▽

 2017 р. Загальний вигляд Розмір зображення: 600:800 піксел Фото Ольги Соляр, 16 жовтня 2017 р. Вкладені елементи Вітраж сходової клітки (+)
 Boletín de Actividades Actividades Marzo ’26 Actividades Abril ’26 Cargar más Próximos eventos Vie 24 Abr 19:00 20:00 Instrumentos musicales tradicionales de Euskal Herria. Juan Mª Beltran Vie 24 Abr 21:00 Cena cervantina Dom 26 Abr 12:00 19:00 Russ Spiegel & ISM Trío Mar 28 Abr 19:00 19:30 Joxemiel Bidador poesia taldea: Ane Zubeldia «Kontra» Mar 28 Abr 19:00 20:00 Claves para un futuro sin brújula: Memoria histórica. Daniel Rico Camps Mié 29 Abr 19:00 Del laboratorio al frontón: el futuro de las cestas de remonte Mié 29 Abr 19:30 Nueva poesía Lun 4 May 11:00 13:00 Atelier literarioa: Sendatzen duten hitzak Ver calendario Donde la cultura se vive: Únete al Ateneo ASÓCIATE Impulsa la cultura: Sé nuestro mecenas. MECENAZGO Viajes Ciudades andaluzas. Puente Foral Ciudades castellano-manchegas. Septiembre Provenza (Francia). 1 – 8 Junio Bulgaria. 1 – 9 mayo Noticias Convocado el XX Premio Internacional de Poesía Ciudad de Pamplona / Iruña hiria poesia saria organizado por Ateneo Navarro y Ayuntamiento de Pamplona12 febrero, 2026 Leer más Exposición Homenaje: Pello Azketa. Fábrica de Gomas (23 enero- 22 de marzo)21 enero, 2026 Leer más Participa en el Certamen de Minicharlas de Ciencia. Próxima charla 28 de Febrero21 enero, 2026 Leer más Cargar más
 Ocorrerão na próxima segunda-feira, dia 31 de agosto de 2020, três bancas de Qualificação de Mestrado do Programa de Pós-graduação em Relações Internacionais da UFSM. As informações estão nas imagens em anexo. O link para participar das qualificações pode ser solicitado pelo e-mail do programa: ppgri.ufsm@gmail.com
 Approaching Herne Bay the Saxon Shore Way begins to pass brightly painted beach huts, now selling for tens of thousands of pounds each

△
▽

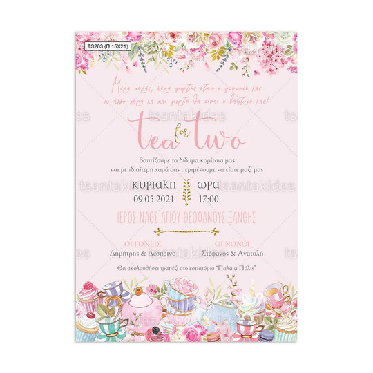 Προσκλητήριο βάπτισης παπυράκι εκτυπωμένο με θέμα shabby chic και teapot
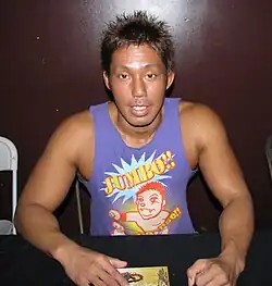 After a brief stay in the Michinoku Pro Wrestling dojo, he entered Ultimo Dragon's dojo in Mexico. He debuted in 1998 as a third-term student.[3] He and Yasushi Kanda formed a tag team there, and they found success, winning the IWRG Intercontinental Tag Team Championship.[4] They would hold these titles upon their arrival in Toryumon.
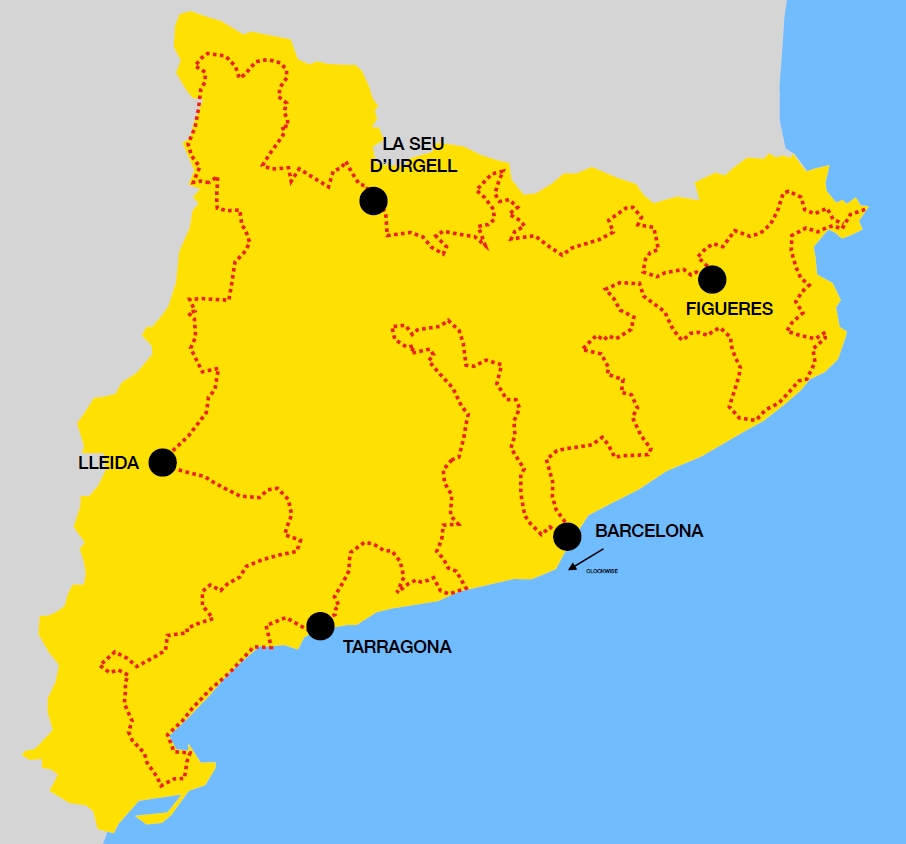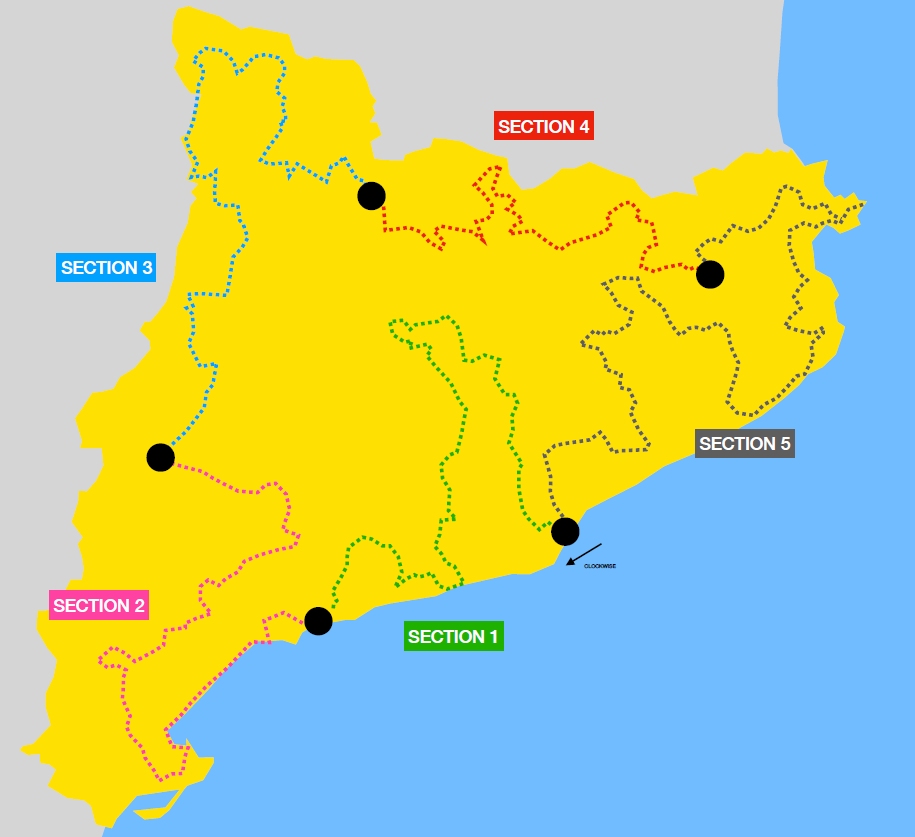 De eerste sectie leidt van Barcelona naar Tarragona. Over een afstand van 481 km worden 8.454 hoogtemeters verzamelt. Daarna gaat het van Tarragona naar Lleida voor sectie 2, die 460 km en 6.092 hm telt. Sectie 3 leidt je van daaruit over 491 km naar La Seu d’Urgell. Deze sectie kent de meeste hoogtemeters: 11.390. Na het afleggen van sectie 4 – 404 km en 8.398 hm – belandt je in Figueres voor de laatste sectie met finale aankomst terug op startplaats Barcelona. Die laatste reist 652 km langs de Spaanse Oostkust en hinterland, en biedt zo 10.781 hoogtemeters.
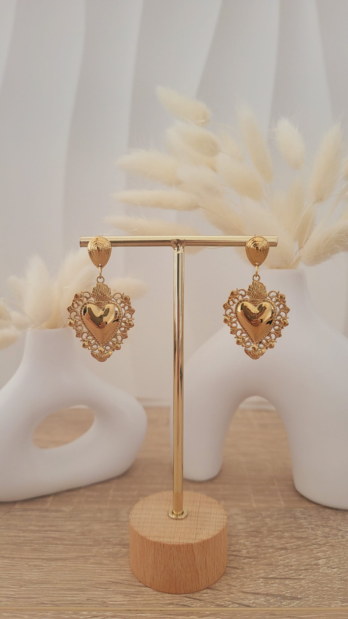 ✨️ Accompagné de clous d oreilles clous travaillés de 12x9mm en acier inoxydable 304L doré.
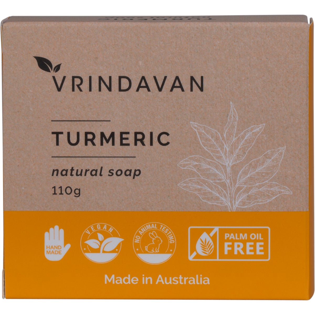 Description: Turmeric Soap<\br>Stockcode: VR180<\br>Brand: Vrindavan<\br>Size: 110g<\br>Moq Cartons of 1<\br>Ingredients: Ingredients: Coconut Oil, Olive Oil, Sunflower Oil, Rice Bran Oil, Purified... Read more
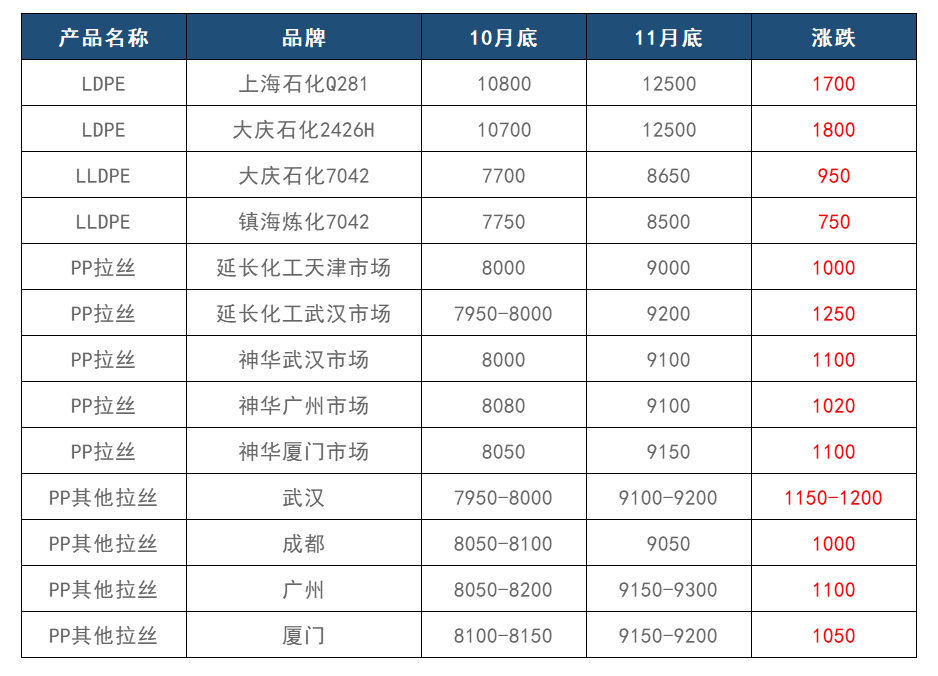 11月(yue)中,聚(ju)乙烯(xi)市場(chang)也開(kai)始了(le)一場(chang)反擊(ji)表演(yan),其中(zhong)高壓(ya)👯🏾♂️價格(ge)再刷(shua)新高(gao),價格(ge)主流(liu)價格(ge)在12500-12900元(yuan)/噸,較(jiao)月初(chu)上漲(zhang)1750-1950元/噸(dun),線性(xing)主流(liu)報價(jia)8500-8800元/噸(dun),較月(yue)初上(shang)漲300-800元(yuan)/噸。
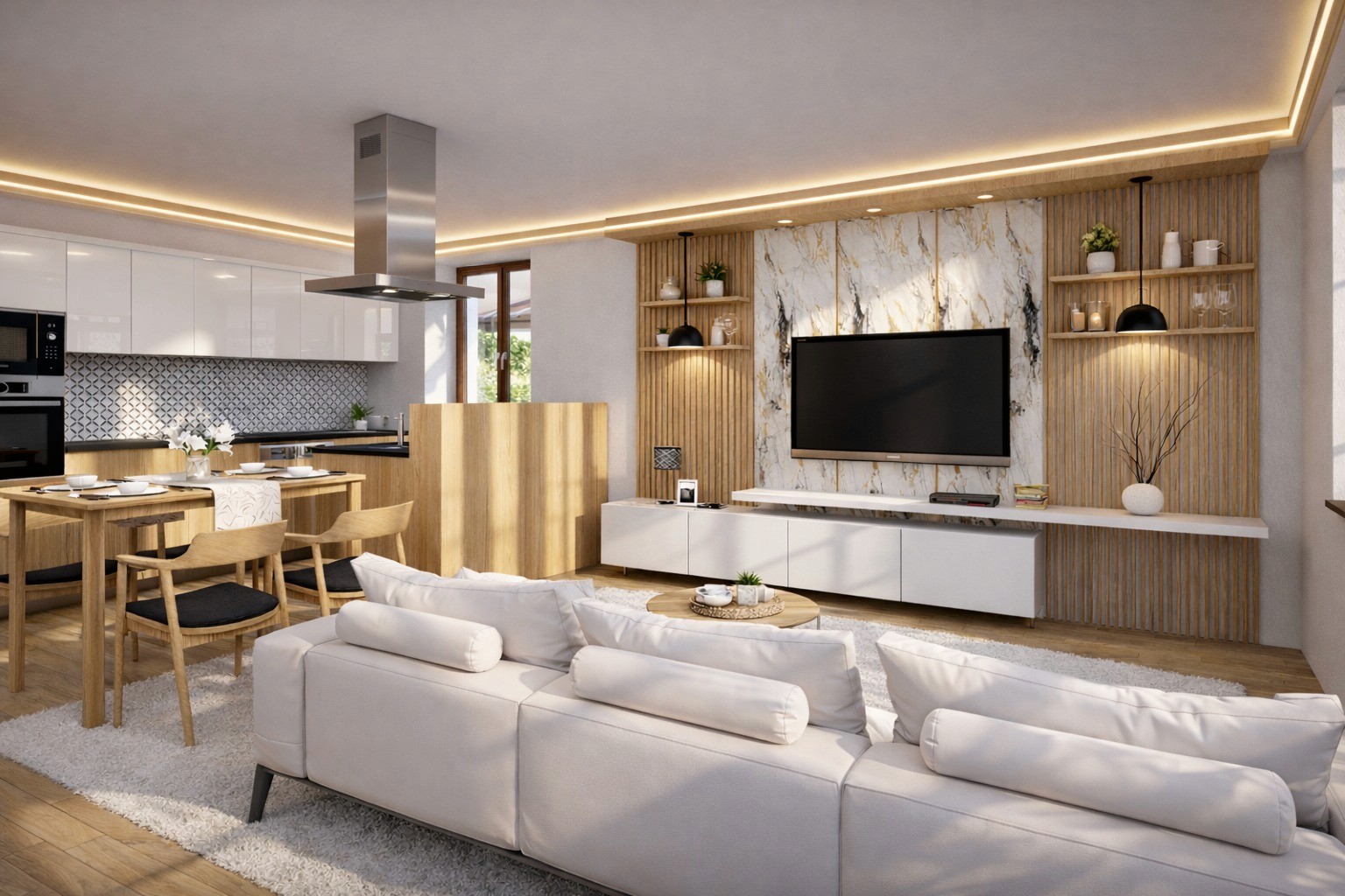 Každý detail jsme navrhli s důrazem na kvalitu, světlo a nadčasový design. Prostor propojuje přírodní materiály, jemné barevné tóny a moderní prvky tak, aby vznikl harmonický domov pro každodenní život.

△
▽

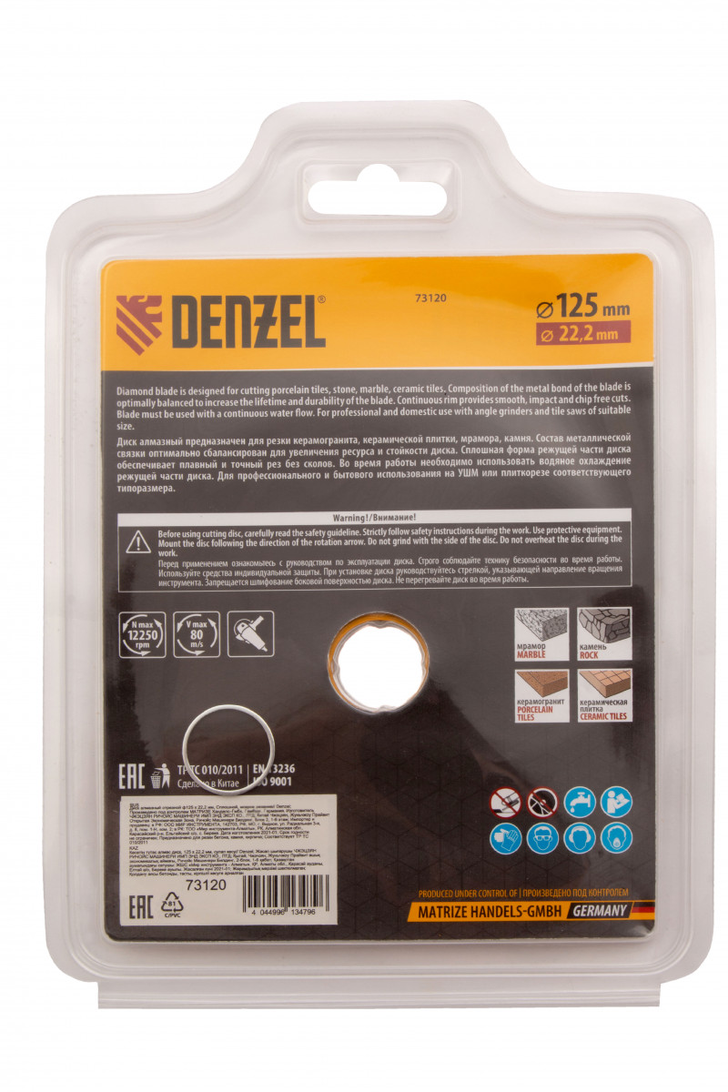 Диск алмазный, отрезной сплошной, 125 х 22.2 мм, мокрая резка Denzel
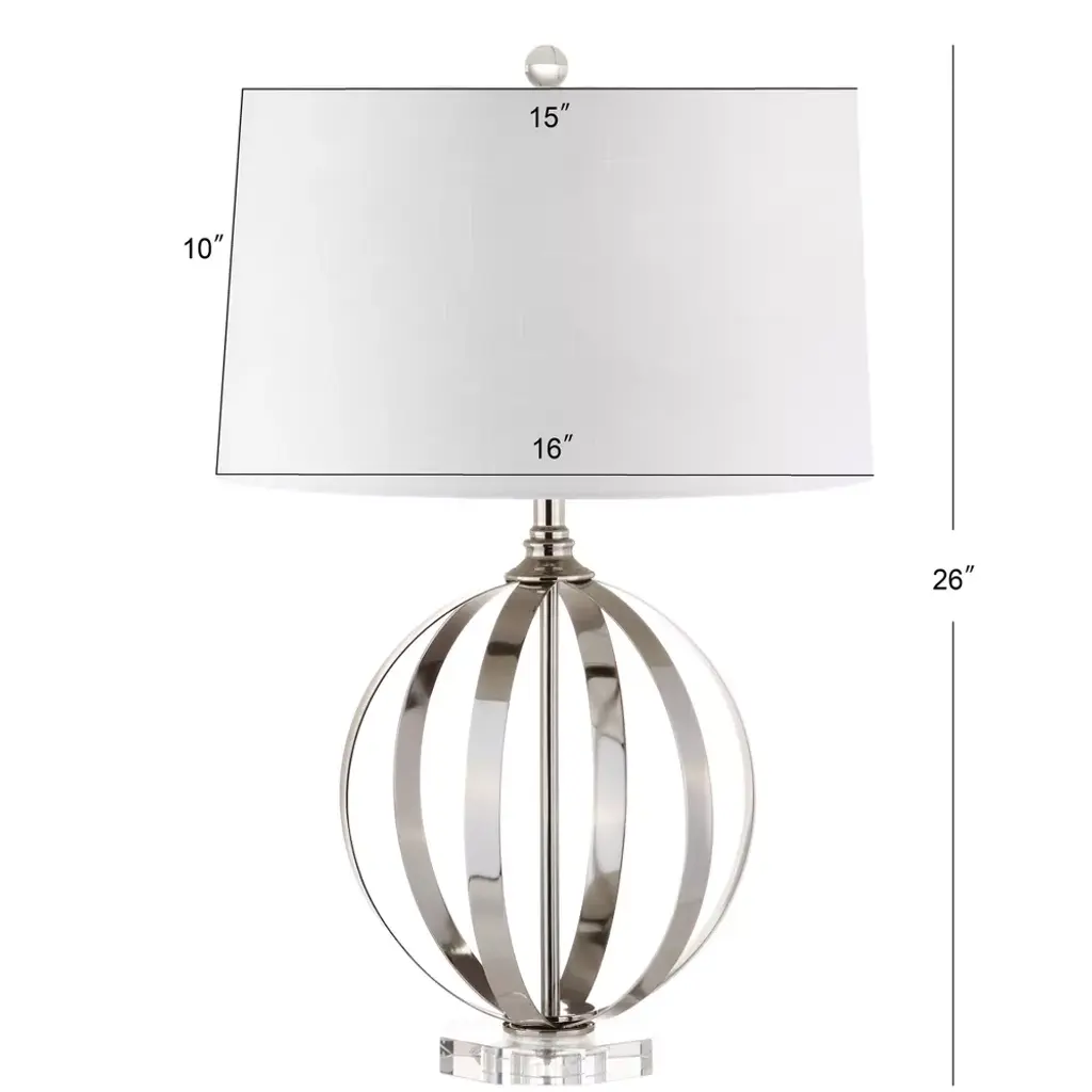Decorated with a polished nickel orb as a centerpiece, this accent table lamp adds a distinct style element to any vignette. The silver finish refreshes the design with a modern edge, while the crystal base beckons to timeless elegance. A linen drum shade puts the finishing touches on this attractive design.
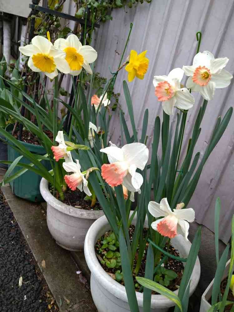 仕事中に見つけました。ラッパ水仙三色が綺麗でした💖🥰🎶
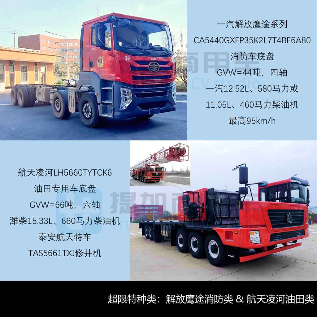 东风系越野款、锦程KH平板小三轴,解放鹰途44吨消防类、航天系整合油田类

△

**DIRECTIONS FOR THIS TASK**
Isolate each line of the listing above that includes "para". Copy it.

**OUTPUT OF THE EXERCISE**
 Boletín de Actividades Actividades Marzo ’26 Actividades Abril ’26 Cargar más Próximos eventos Vie 24 Abr 19:00 20:00 Instrumentos musicales tradicionales de Euskal Herria. Juan Mª Beltran Vie 24 Abr 21:00 Cena cervantina Dom 26 Abr 12:00 19:00 Russ Spiegel & ISM Trío Mar 28 Abr 19:00 19:30 Joxemiel Bidador poesia taldea: Ane Zubeldia «Kontra» Mar 28 Abr 19:00 20:00 Claves para un futuro sin brújula: Memoria histórica. Daniel Rico Camps Mié 29 Abr 19:00 Del laboratorio al frontón: el futuro de las cestas de remonte Mié 29 Abr 19:30 Nueva poesía Lun 4 May 11:00 13:00 Atelier literarioa: Sendatzen duten hitzak Ver calendario Donde la cultura se vive: Únete al Ateneo ASÓCIATE Impulsa la cultura: Sé nuestro mecenas. MECENAZGO Viajes Ciudades andaluzas. Puente Foral Ciudades castellano-manchegas. Septiembre Provenza (Francia). 1 – 8 Junio Bulgaria. 1 – 9 mayo Noticias Convocado el XX Premio Internacional de Poesía Ciudad de Pamplona / Iruña hiria poesia saria organizado por Ateneo Navarro y Ayuntamiento de Pamplona12 febrero, 2026 Leer más Exposición Homenaje: Pello Azketa. Fábrica de Gomas (23 enero- 22 de marzo)21 enero, 2026 Leer más Participa en el Certamen de Minicharlas de Ciencia. Próxima charla 28 de Febrero21 enero, 2026 Leer más Cargar más
 Ocorrerão na próxima segunda-feira, dia 31 de agosto de 2020, três bancas de Qualificação de Mestrado do Programa de Pós-graduação em Relações Internacionais da UFSM. As informações estão nas imagens em anexo. O link para participar das qualificações pode ser solicitado pelo e-mail do programa: ppgri.ufsm@gmail.com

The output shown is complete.